We have wonderful memories of being awakened in the morning by kookaburras, bell birds and raucous cockatoos and seeing the sky turn pink as flocks of galahs pass overhead. We remember driving miles (or rather, kilometers) without seeing cars but sharing the road with kangaroos and emus. We have watched a small wallaby eating breakfast just outside the screened door of our room, seen a platypus swim in a pond near Jenolan Caves, and watched koalas make their slow way from limb to limb in the eucalyptus trees.

We have ridden the ferries in Sydney Harbor and the river taxis in Brisbane, swum off a riverboat in the Murray River, sailed the Brisbane waters, flown over the Blue Lake in Mt. Gambier in a small plane, helped round up stray cattle on a farm in Victoria and seen the red supply boats leave Tasmania for the South Pole.

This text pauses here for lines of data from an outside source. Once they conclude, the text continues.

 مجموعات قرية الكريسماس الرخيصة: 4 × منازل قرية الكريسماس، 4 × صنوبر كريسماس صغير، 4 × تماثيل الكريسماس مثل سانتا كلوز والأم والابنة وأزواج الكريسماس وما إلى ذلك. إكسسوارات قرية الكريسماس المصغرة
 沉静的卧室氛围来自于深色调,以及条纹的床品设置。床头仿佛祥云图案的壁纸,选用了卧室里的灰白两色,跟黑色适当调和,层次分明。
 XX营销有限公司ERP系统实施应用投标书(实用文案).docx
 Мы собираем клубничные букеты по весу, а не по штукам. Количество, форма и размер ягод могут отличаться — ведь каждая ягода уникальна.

Once we rode through a small bushfire on the Central Coast and saw it jump the road before it went racing off through the bush on the other side. That was awesome, but absolutely nothing compared to what they are experiencing now. As we see picture after picture and hear report after report of the homes and wildlife caught in the path of the raging fires and the people stranded in coastal towns, we want to weep.

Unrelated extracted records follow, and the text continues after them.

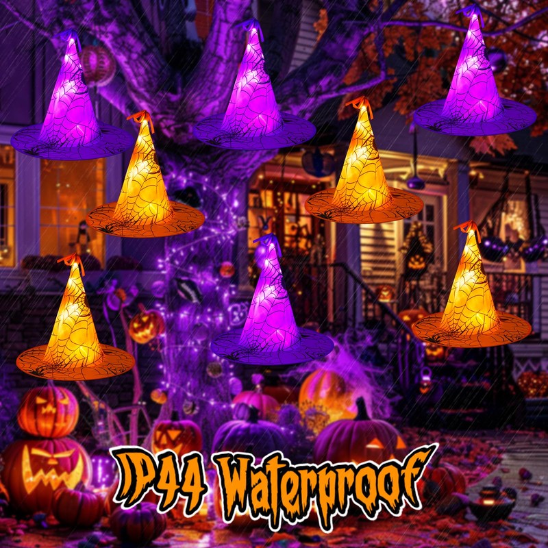 - Hallowee Decorration Lights: 56 LED halloween string lights with 8 witch hats(4pcs orange hat with orange lights,4pcs purple hat with purple lights), amazing match for the haunted stuff like spider web, bats, pumpkin, ghost, skeleton, skull, fun for kids and enlivening the holiday atmosphere, a grace present for family, friends, relatives, colleagues, teenage or yourself in this festival season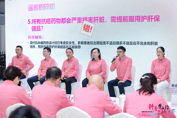 科普活动内容丰富多彩、形式多样。在“科普大咖说”环节,七位全国专家围绕乳腺癌患者关心的术后康复治疗、精准用药、院外康复新生态等议题,进行了专业讲解和答疑解惑。“谣言粉碎机”环节则通过线下医患面对面交流,及时廓清了患者常见的临床认知误区,强化了公众对乳腺癌“防筛诊治康”全流程管理的科学认知。此外,“CBCS患者教育小红书解读-前沿治疗篇”与“CBCS患者教育小红书解读-化疗篇”分别由马丁教授、汤琦教授完成授课,深入浅出地介绍了靶向治疗、免疫治疗、化疗及新辅助治疗等前沿知识,为患者带来了希望的曙光。现场还展示了由本地医护和患者代表表演的“康复八段锦”与“手鼓康复操”,生动体现了和谐互助的医患关系与积极向上的康复氛围,构成了乳腺癌整体防治的优质生态系统。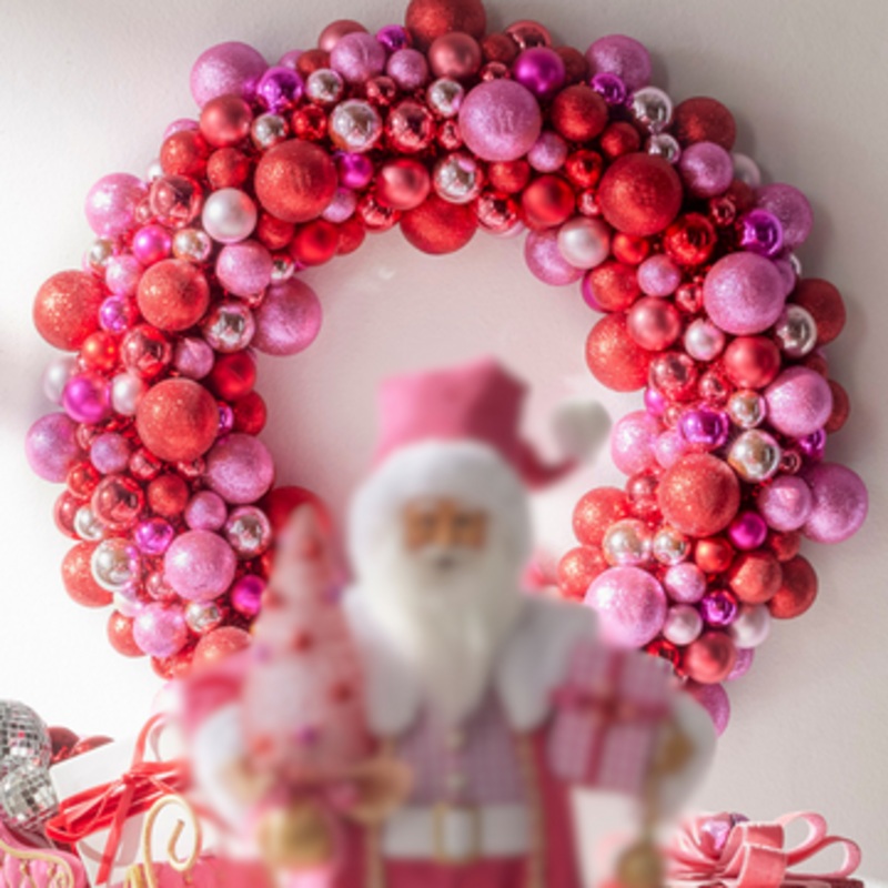 *You are purchasing a pre-order. Estimated Ship Date 10/15/25** Please read all about Pre-OrdersHERE Make a statement this holiday season with a stunning wreath as your focal point! This one is made up of varying sizes of shades of red and pink with silver

It is hard to tell from the reports whether places we have visited are in the path of the blaze and we have sent notes to friends, asking if they are all right. So far, all the replies we have gotten have been mostly good news. One friend in the Adelaide Hills said his son had lost outbuildings, but the house was saved. A report from Sydney is of terrible smoke and awful heat, but no fires nearby. The Brisbane area doesn’t seem to be affected yet and Christmas at the beach went on as usual.

We haven’t heard anything from The Blue Mountains, Tweed Valley, Victoria, or Tasmania.

We can only wait to hear, and hope.

Jean McCamy is a Wake Forest artist.